My father has told me that children are like little investments. You put in time, effort, knowledge, values, and let’s face it, a buttload of cash into them and then watch them grow as you wish the stock market would. Of course the cash advances on these little investments might not yield monetary dividends, but something else entirely. Isn’t it like everything that is worth doing in life? You have to work at what is most rewarding: marriage, parenting, your career, friendships, etc.
I’m considering my double mastectomy to be an investment in my future. It’s definitely going to be hard work, but the outcome will yield great results. Think of my life expectancy as a stock chart. At this moment, it may look like a mountain with one side a gradual incline and the next a rapid decline at a point far too close to the present. But post-op, I’m banking on a very rich and much longer incline; a long term investment.


La lune de booby. Translation: Boobymoon.
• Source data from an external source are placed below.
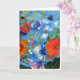 Flores no cartão de nota azul do fundo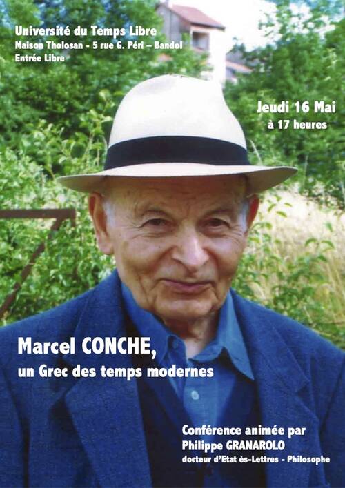 J’ai eu le privilège d’être son ami et de dialoguer avec lui à de nombreuses reprises, et je voudrais faire bénéficier le public bandolais de cette longue fréquentation. Mon objectif est de démontrer en quoi Marcel Conche est un philosophe grec, qu’il est, dans la seconde moitié du XXe siècle et dans les deux premières décennies du XXIe siècle, l’héritier d’Homère et des antésocratiques, le fidèle disciple d’Anaximandre, d’Héraclite, de Parménide, de Pyrrhon, etc.
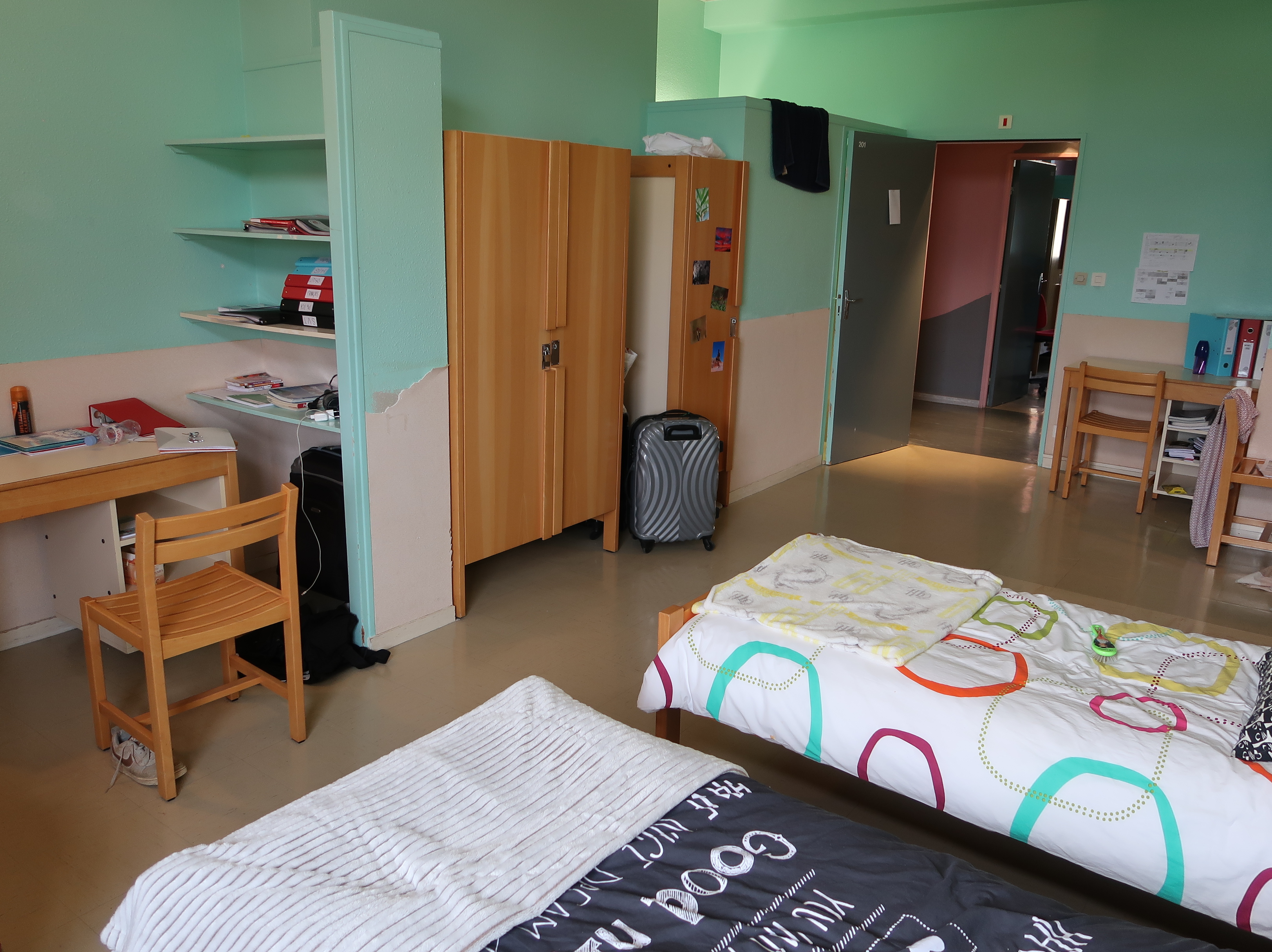 Internat (bâtiment I) : aménagement intérieur d'une chambre.Immatriculation

As a fifth anniversary surprise, my husband shocked me with a trip to my favorite city ever. We left Thursday evening and returned last night, Monday. A quick and perfect trip. My parents and my mother-in-law watched the girls together. And my brother, sister-in-law and nieces stopped by to entertain them as well. It sounded like our little ones had an awesome, fun-filled weekend too.
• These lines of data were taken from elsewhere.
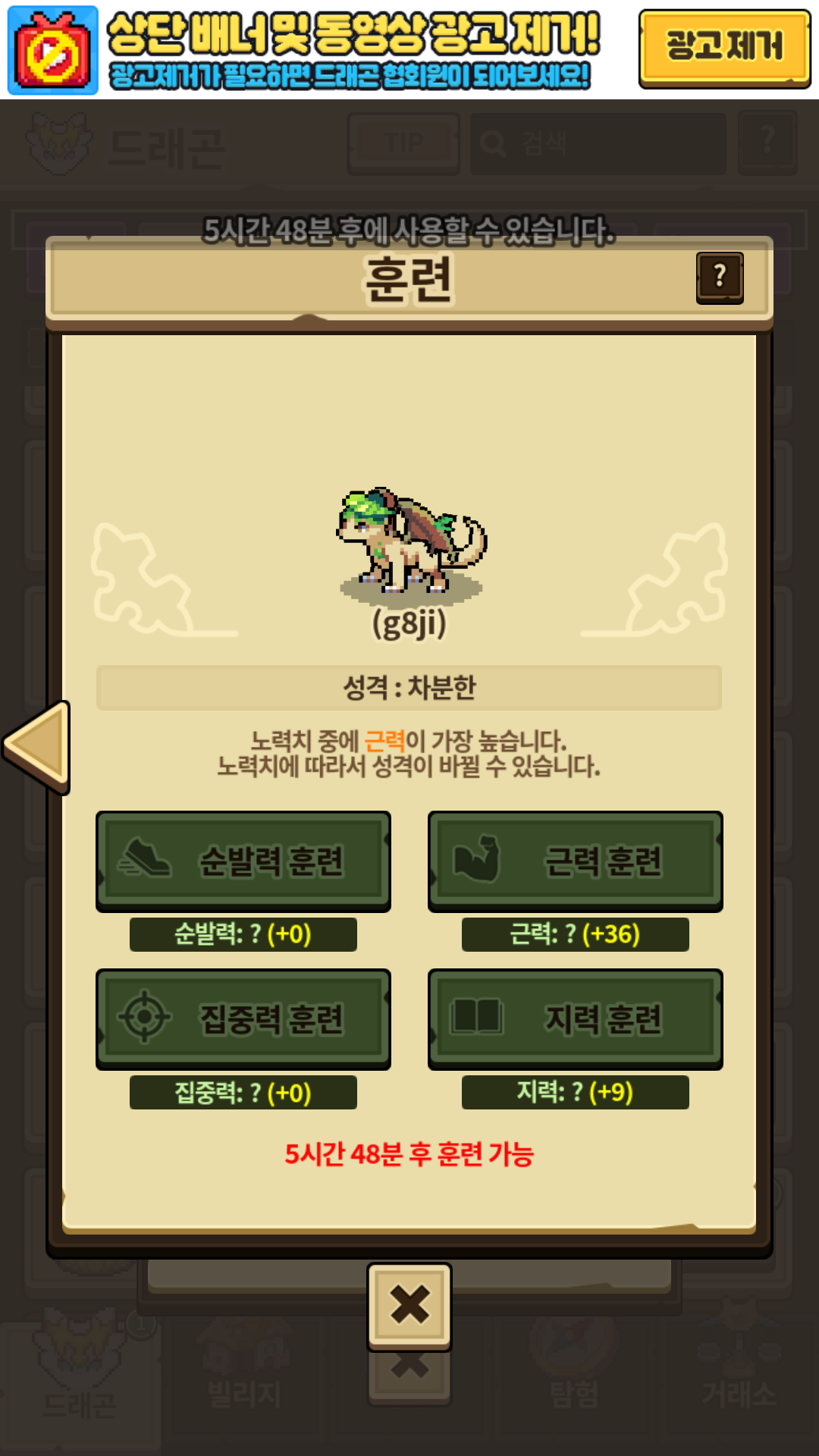 이때 성격이 바뀌는 경우가 대부분입니다만, 지금 올린 사진과 같이 근력 훈련을 4번 모두 성공해서 36이나 쌓고, 최고로 만들었음에도 성격이 여전히 차분이네요.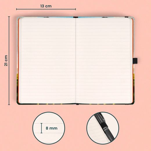 Vo vnútri nájdete 172 linajkovaných strán z kvalitného krémového papiera pre všetky vaše nápady a poznámky.
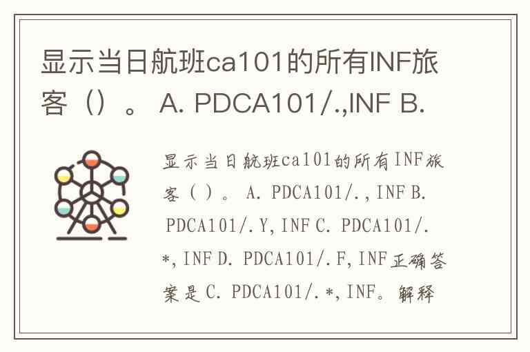 显示当日航班ca101的所有INF旅客()。 A. PDCA101/.,INF B. PDCA101/.Y,INF C. PDCA101/.*,INF D. PDCA101/.F,INF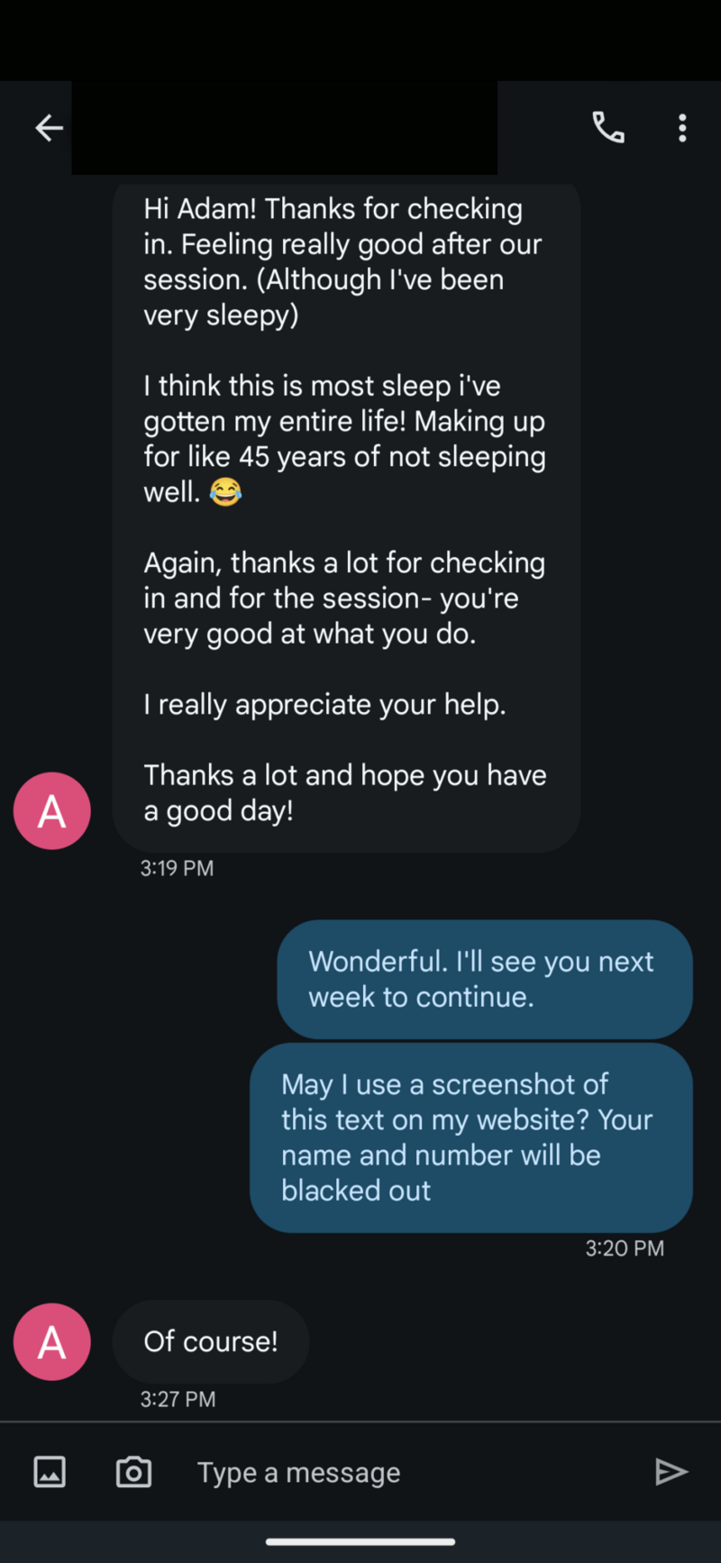 “I quit my therapist after working with Adam for a month. Once you have the right tools, there just was no point in talking about it over and over again.” -Laura D.
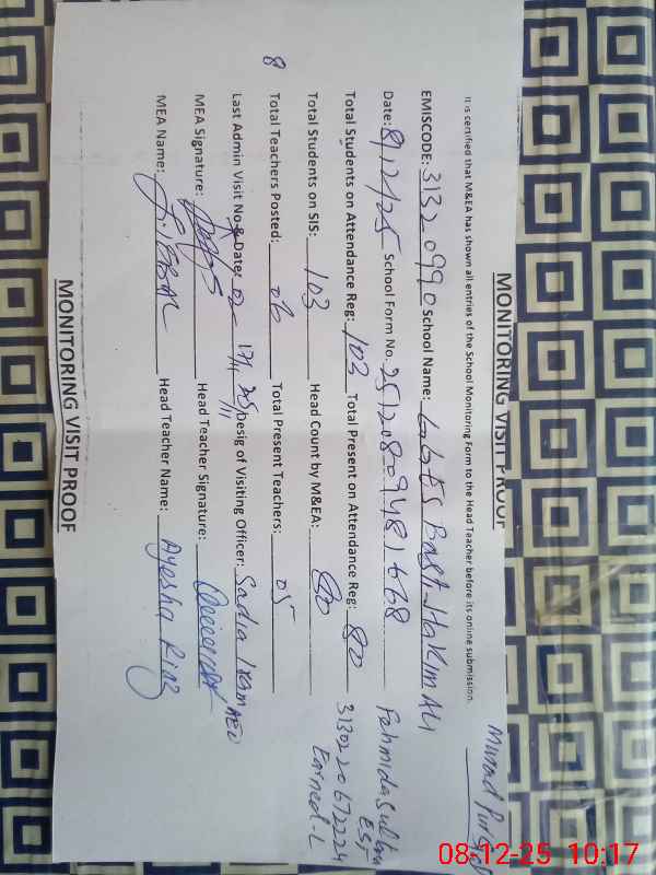 | EMIS Code: 31320990 | Name of School: GGES BASTI HAKIM ALI | |||

I’d love to go into detail about everything we saw and ate, the architecture and charm of the buildings and city streets, the smells and sounds that are so alluring. This is not the place. My appreciation and love for the foreign city pales in comparison to those emotions I feel for my husband.
I’m sure Paris wouldn’t be his first choice for an decadent, luxurious long weekend getaway, but he knows it’s mine. Vacation planning is not his passion or forte and neither of us like to fly. However, he executed this trip perfectly to make me happy. He was thrilled to just walk around the city with me, letting me play guide and visiting all of my favorite spots. He even spent 8 hours of his birthday on the flight home.
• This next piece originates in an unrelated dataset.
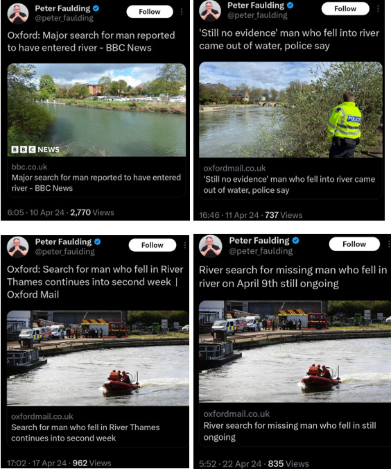 Last time he was this keen to promote an alleged river-based incident was in February 2024, supposedly for the search of a young boy in a canal that runs through Leicester’s Nature Reserve. A carefully constructed narrative to suck in the public, much of this having been previously discussed in earlier posts.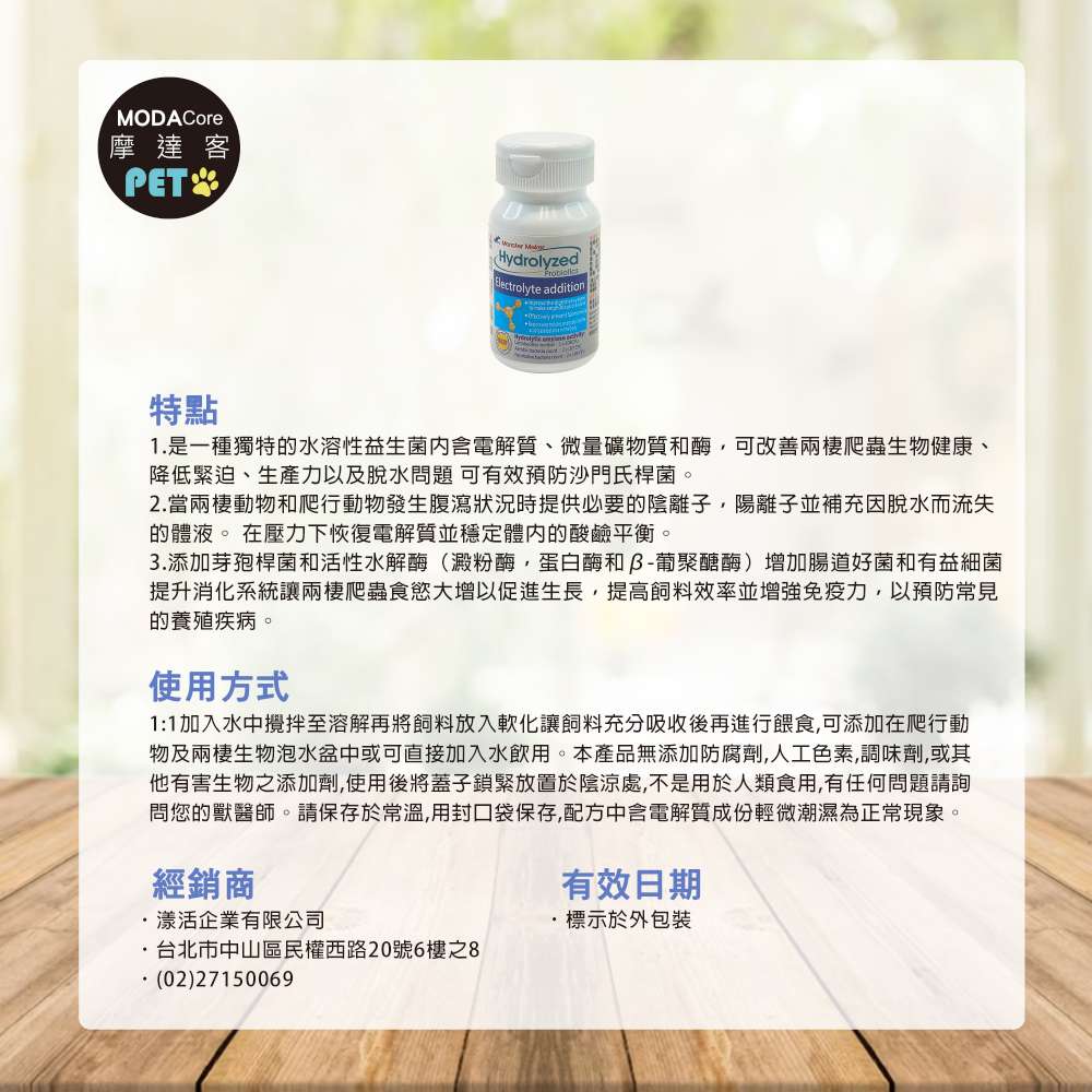 獨特的水溶性益生菌,含豐富電解質可改善兩棲爬蟲生物健康

Our vows said “in sickness and in health, in good times and in bad”. These were definitely the healthy, good times that precede the sickly, bad ones to come. The memories from this trip will get me through the rough voyage we face ahead. I once wrote about painting the walls of mind with an image of Monet’s water lilies. I have a fresh new version in my head now. The backdrop that will help me remain calm. And certainly, the best part of this vacation was spending time just being us. Without the everyday mundane insanity of life, we got to hang out, joke around and enjoy each other. The other beautiful part was knowing that the girls were totally fine in our absence. They were happy, they were well taken care of, they were with family. Our parents are so giving and selfless. So much of my fear of the little ones’ well-being after my surgery has been alleviated.
The trip was short, but sweet. Long enough to give us a break, short enough to get us home before anyone got homesick. Plenty of time to remember that even though I have to go downstairs to get him after he falls asleep on the couch… a lot, my husband is the absolute best!!